Penny's group rendezvous with two other thugs at a hideout. Lacey is selected getaway driver and to ensure his compliance, Ellen is held hostage by one of the thugs. However, when the gang attempts to rob the bank, things go badly wrong. Penny is shot dead; the others are killed or captured. Lacey takes off for the hideout, with Sims in pursuit. Once there, Lacey springs into a fistfight with a gang member manhandling Ellen. Sims catches up at its knock-down, drag-out climax. Sims then takes Lacey and Ellen for the drive downtown to police headquarters. Steve is convinced he will return to prison. However, Sims reveals that police found a note Lacey had left in his medicine cabinet, alerting them of the robbery. This gave them time to staff the bank with police officers. The detective then tersely lectures Steve on his failure to inform the police about Penny and Hastings earlier, pointing out that the note could easily have been overlooked. He barks, "Next time, Lacey, call me...you got trouble, you need help, call me!" To the couple's shock and relief, Sims drops them off outside City Hall, ordering them to take a bus home before he changes his mind.

==Cast==

- Sterling Hayden as Detective Lieutenant Sims
- Gene Nelson as Steve Lacey
- Phyllis Kirk as Ellen Lacey
- Ted de Corsia as 'Doc' Penny
- Charles Bronson as Ben Hastings (credited as Charles Buchinsky)
- Jay Novello as Otto Hessler
- Ned Young as Gat Morgan
- James Bell as Daniel O'Keefe, Steve's Parole Officer
- Dub Taylor as Gus Snider
- Timothy Carey as Johnny Haslett (uncredited)
- Gayle Kellogg as Detective
- Mack Chandler as Sully

==Production==

Location shooting at downtown Los Angeles' Wall Street in Crime Wave

Much of the film was shot on location in Los Angeles and in nearby Burbank and Glendale. At least one 1952 location, Sawyer's Pet Hospital at the corner of San Fernando Road and Alma Street in Glendale, is still standing and, as of April 2024, still a pet hospital, albeit with a different name. Several locations seen onscreen, like the Bank of America on the southwest corner of Brand Boulevard and Broadway in Glendale (where the film's big robbery attempt takes place), as well as the distinctive dental building across Brand Boulevard, have been torn down and replaced.

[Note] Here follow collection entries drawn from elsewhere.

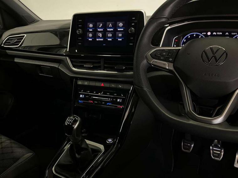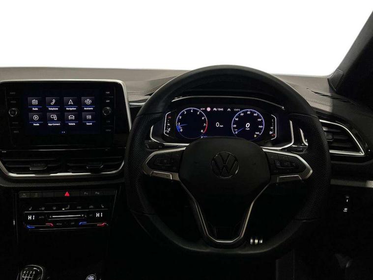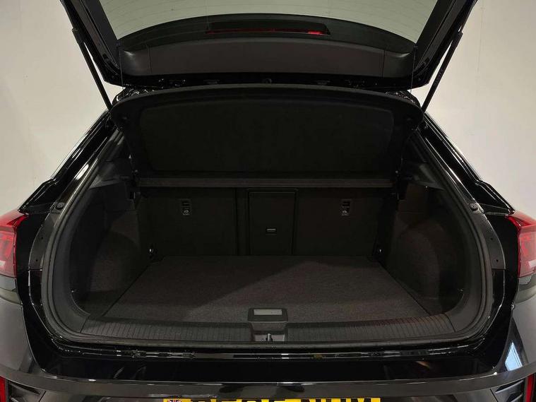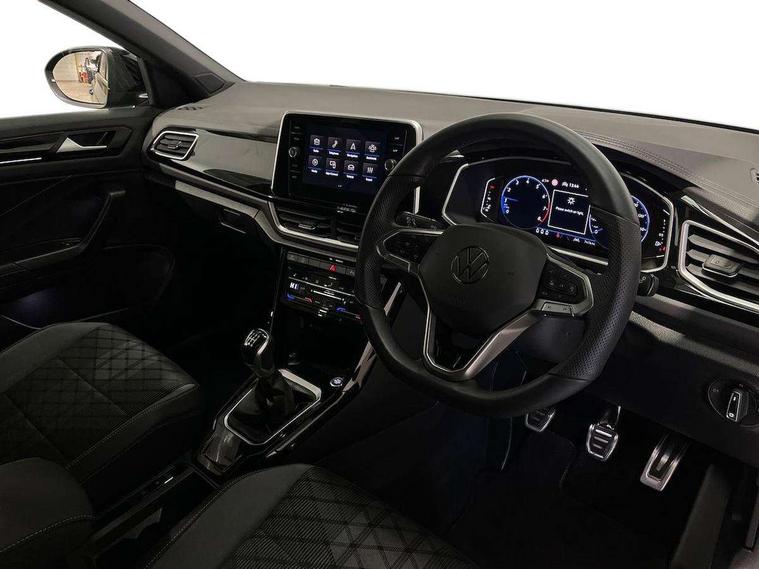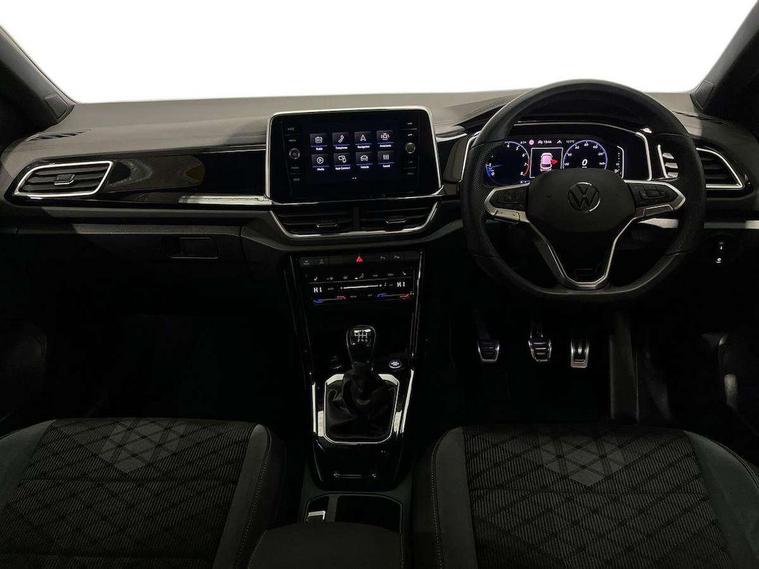 10.25" Digital cockpit pro, Advanced driver attention and drowsiness monitor, Emergency call service, Lane keeping system Lane Assist, Mobile phone interface, Modified key software - reduce switch off time for key status change to Long no motion, Online services, Park assist including front and rear parking sensors, Service interval indicator, Tailgate/trunk lid release from outside, Think blue trainer driver tips and journey analysis, Warning sound and light for front seatbelts unfastened, Wireless app connect, Battery regeneration during braking, Start/stop function with battery regeneration, DAB Digital radio, Diversity antenna for FM reception, Front and rear 6 speakers, Music playback - MP3, WMA and AAC files, Premium USB cable in choice of either Apple or Android smartphone compatibility, SD card slot, Simultaneous pairing of 2 compatible mobile devices, Title and cover art display, We Connect and We Connect Plus functionality, Auto dimming interior rear view mirror, Automatic hazard lights activation under emergency braking, Automatic headlight control with LED separate daytime running lights with coming/leaving home function, Body coloured exterior mirror housings and door handles, Electrically adjustable and heated door mirrors, Extended roof spoiler, Exterior mirrors aspherical on driver side, convex on front passenger side, External USB type C socket and charging sockets, Front windscreen wiper with intermittent wipe and 4 position delay, Heated rear window, LED 3rd brake light, LED rear combination lamps, LED rear number plate lights, Power windows with comfort operation and circuit breaker, Privacy glass for rear side windows and rear window, R-Line design body coloured bumpers, Rain sensor, Rear exhaust tailpipe, Rear fog light on one side and reversing lights on both sides, Rear side wing doors, Rear wash/wipe with intermittent wipe setting, Remote electrically foldable door mirrors, puddle lights and reverse activated passenger's door mirror, 12V power socket in centre console, 3 rear head restraints, 3 seat bench in 2nd row, 4 load lashing points in luggage compartment, Air care climatronic air conditoning system with active combination filter and 2-zone temperature control, Black roof lining, Chrome plated decorative trims, Chrome plated radiator grille inserts, air vent surrounds and light switch surrounds, Door and side trim panel with leatherette insert, Front + rear carpet mats, Front centre armrest, Front cupholders x 2, Front footwell illumination, Front reading light, Front scuff plates with R Line logo, Front seat back storage pockets, Glove compartment door with light, Instrument lighting, white adjustable panel illumination, Interior ambient lighting and surround lighting, Interior light delay, Isofix child seat preparation, Leather gearshift handle, Load-through provision with cup holder when folded down ('Unsplit rear seat bench, split folding backrest, with centre armrest), Luggage compartment lighting, Single front passenger seat, Stainless steel pedals, Storage compartment in left and right luggage area, Storage compartment in rear doors, Storage compartments in driver and front passenger doors, Sunvisors with illuminated vanity mirrors, Variable boot floor, height adjustable and removable, Driver assistance pack without proactive passenger protection - T-Roc, 3 point height adj front seatbelts + pretensioners, 3 point seatbelts in outer rear with ECE label, ABS, Child locks on rear doors, City emergency braking and pedestrian monitoring, Driver and front passenger airbag with front passenger airbag deactivation, Driver and front passenger safety-optimised head restraints, Drivers seatbelt reminder, Electronic parking brake, Electronic Stability Control (ESC) inc EDL (Electronic Differential Lock) and ASR (Traction Control), Front and rear passengers curtain airbag system including front side airbags, Hill start assist, Predictive pedestrian protection, Rear disc brakes, Two tone horn, Tyre pressure loss indicator, Volkswagen roadside assistance, Piano black decorative inserts in dashboard and front door trim panels, Trims for alloy wheels,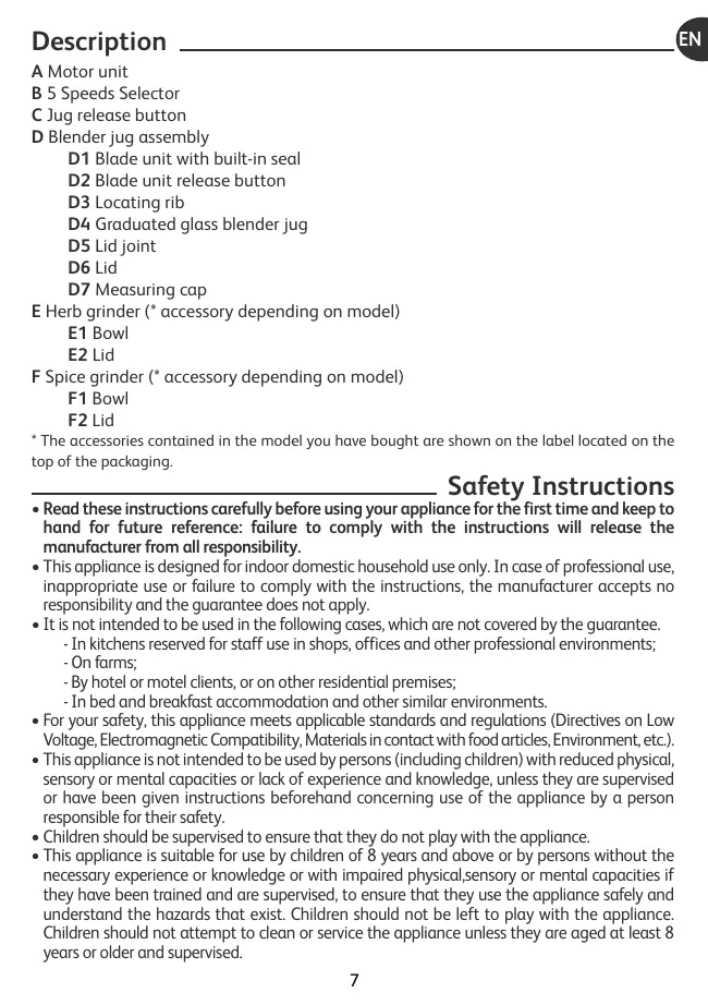 Description A Motor unit B 5 Speeds Selector C Jug release button D Blender jug assembly D1 Blade unit with built-in seal D2 Blade unit release button D3 Locating rib D4 Graduated glass blender jug D5 Lid joint D6 Lid D7 Measuring cap E Herb grinder (* accessory depending on model) E1 Bowl E2 Lid F Spice grinder (* accessory depending on model) F1 Bowl F2 Lid * The accessories contained in the model you have bought are shown on the label located on the top of the packaging.
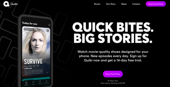 Quibi是一个专门为手机端打造的、高端付费短视频流媒体。

The final chase scene from the bank in Glendale to Chinatown in downtown Los Angeles, though edited, follows the actual route, including Brand Boulevard and the Glendale Boulevard fork on the Hyperion Viaduct, until Steve Lacey reaches the house (possibly on Maple Street, just east of Los Angeles Street in the Chinatown district) where the crazed Johnny Haslett is holding Lacey's wife. The gas station in the film's opening scene, on Wall Street just south of East 3rd Street, near Boyd Street, has since been demolished. Other specific downtown Los Angeles locations include Los Angeles Union Station and the Los Angeles City Hall (including interiors of the Homicide Bureau). The final scene, where Lt. Sims sends Steve and Ellen home, was shot on the 200 block of North Main Street, with Sterling Hayden leaning against the side of the City Hall Building.

== Release ==
Crime Wave was first released in Italy and Britain in 1953. It premiered in the U.S. on January 12, 1954, in New York City.